Cassell, Mobley, Ross, Brand, and Kaman vs. Miller, Patterson, Anthony, Elson, and Camby


----------



## Weasel (Oct 18, 2003)

Camby wins the tap.

Camby drives and scores.

Patterson fouls Cassell on the shot.


----------



## Weasel (Oct 18, 2003)

Cassell makes both FT's.

Carmelo misses a jumper.

Cassell misses a jumper.

Carmelo drives and misses.


----------



## Weasel (Oct 18, 2003)

Kaman with a beatiful bank!

Miller misses but Elson gets it back.

Cassell fouls Camby, non-shooting.

Ross blocks Miller!

Cassell hits a long jumper.


----------



## Weasel (Oct 18, 2003)

Offensive foul on Carmelo.

Mobley drives and misses the layup but Kaman gets it for the easy tap in.
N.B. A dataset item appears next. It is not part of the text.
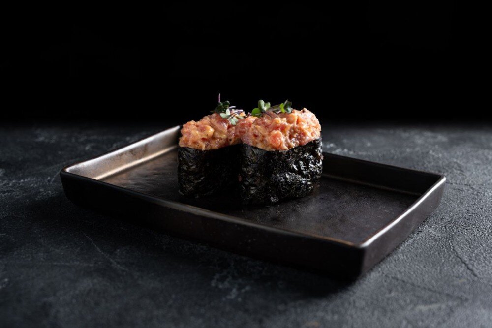 Горячий ролл с креветками, острым тунцом и сливочным сыром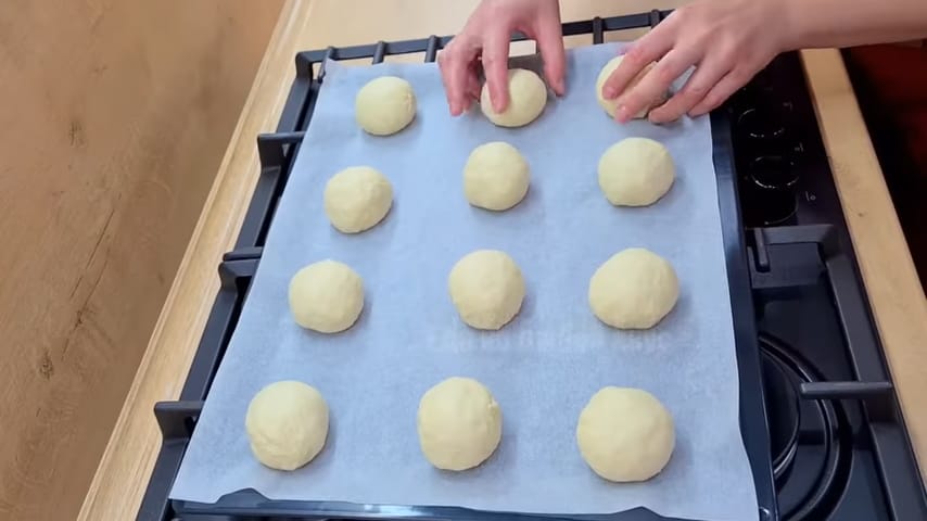 Împărțim aluatul în bucăți egale. Le așezăm în tavă, lăsând suficient spațiu între ele…

Miller hits a FT line jumper.

Brand with a nice jumper.


----------



## Weasel (Oct 18, 2003)

Camby hits a jumper.

Ross with the jumper!

Miller drives and misses a layup.

Cassell to Kaman who gets fouled on the shot!


----------



## Weasel (Oct 18, 2003)

Carmelo has 2 fouls and he sits out.


----------



## Weasel (Oct 18, 2003)

Kaman makes 1 out of 2 FT's.

Miller drives and gets blocked by Kaman/Ross.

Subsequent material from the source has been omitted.